Texas-born Coryell, once described by Downbeat magazine as the "Godfather of Fusion," fit the bill with his uniquely improvisational guitar work he first brought to the music scene in the 1960s.
Recognizing that not all jazz buffs are enamored by fusion, he nonetheless is someone to fall back on when the mood strikes for instrumental jazz guitar that is a little mind-bending. This disc is almost psychedelic in some respects, with hints of silky-smooth rock, blues, and soul or, as its promoters describe it, "liquid honey."
Coryell, who turns 68 this year, shows he hasn't lost his creativity or knack for a progressive sound, even if he largely faded from sight and appealed to a limited audience to begin with. On this 13-track disc, he plays a variety of guitars both acoustic and electric with this indie San Francisco-based label's top-flight studio band.
It's not wildly free-form and it might be a little too scripted for the genre. But it's good.
-- TOM HENRY
'Neon' by Chris Young
NEON Chris Young, RCA
Since Chris Young won the TV talent show Nashville Star in 2006, a few characteristics have stood out: an expressive baritone voice; a tall, handsome stature, and a friendly, approachable personality.
What he lacked at first was an identifiable sound of his own. But with four consecutive No. 1 hits, including the recent "Tomorrow" from his new album "Neon," the emerging country star is staking out a distinctive style that takes full advantage of his talent and his personality.

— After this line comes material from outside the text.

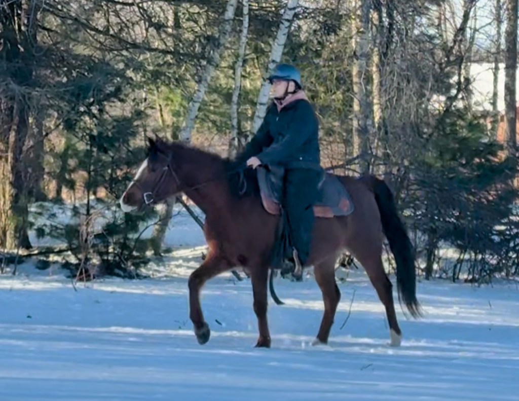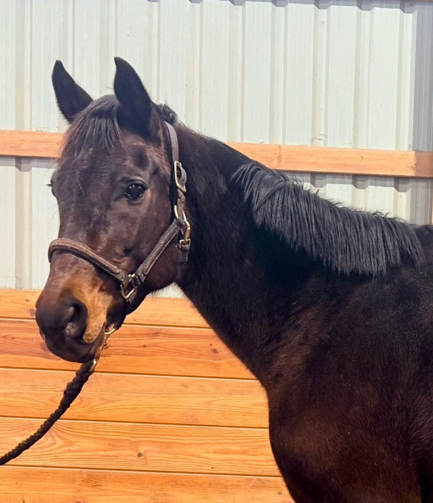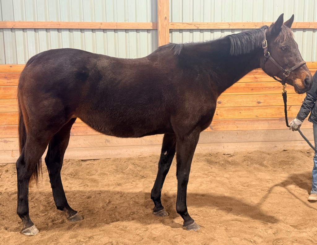 Lesson horse deluxe! Pixie will walk, trot, canter both leads, and jumps. She has been used for walk/trot through intermediate lessons English lessons in the past and has also done some lower level dressage lessons. Can be ridden under western tack too. She sat for the beginning part of the winter (owner didn’t have an indoor) but is now getting back into a groove and ready to add to your program. Sensible to ride, likes a soft hand like most TB, but otherwise easy to get along with. Pixie is not marish, she is pleasant to work around, groom, and tack. very sweet mare. Stands at the mounting block as long as you have a cookie for her. Turns out with a mixed herd and is easy to catch. She is currently barefoot and sound, but is used to wearing front shoes when in more regular work. Take this mare home and get her fit and she will be great for a lesson program or anyone that wants a kind quiet big horse to enjoy.

At his core, Young is a romantic with a moral code. The Tennessee native has a sensitive way of bringing out what's important about what he cares about and who he is. This style shows not only in love ballads, but also in songs about family and his laid-back yet caring philosophy on life.
Even on a song about nightlife, like the traditional-country title cut, Young sounds like the guy in the bar to turn to when you need a friend. But what makes "Neon" his best album yet are the songs about relationships, from the sweet come-on of "Lost" to the sage "Old Love Feels New." Throughout, Young comes across as a guy whose heart is as strong as his libido.